Activity:
Across the entries, count the lines that include "grass" and report only that number.

Task material:
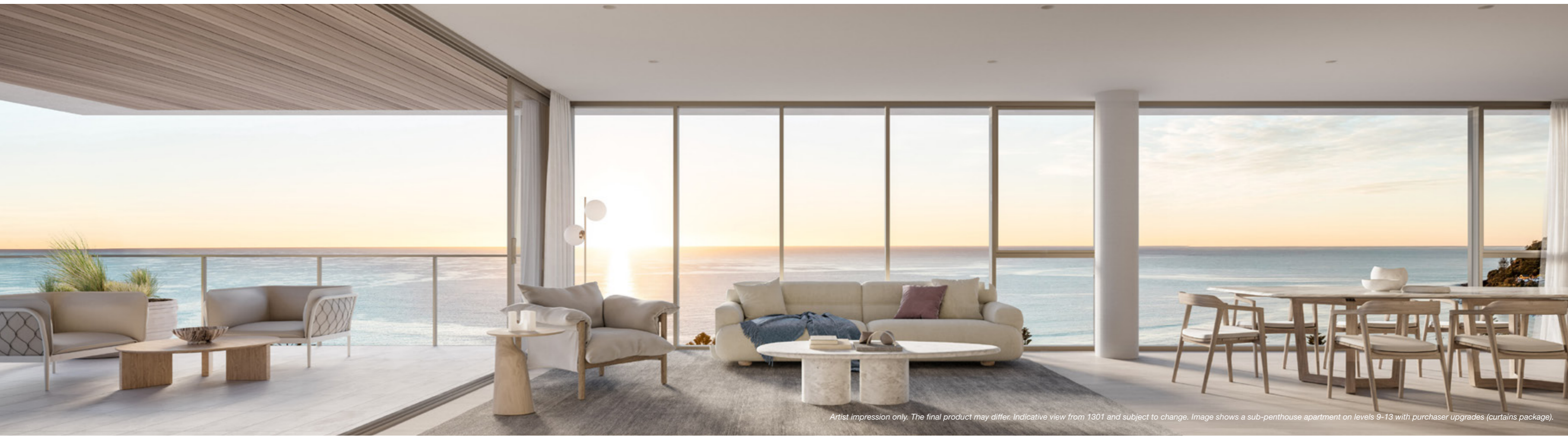
Artist impression only. The final product may differ. Indicative view from 1301 and subject to change. Image shows a sub-penthouse apartment on levels 9-13 with purchaser upgrades (curtains package).
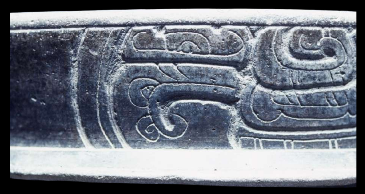
Desing on the other side of the bowl.
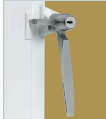
Satin chrome locking handle
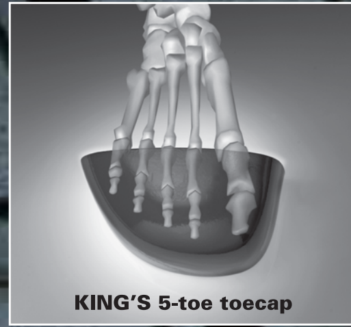
KING'S 5-toe toecap
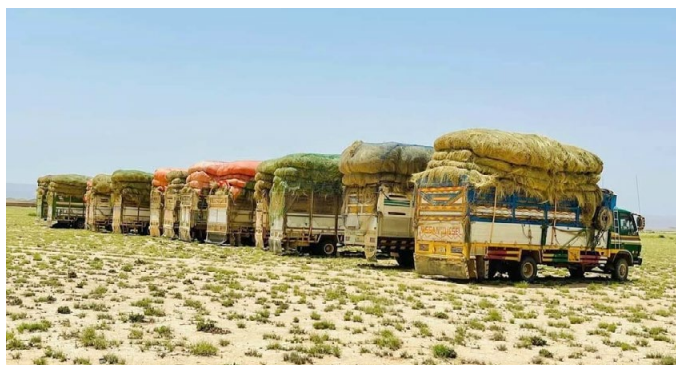
Figure 11: Lorries with grass set on fire in Dhahar district (Eastern Sanaag).

The speech is recorded and broadcasted to inform everybody that illegal acts will be heavily sanctioned, because our land cannot be used as a route to transport charcoal and grass; "We will destroy it by burning. We don't want you to use our lands; avoid us."

Task response:
2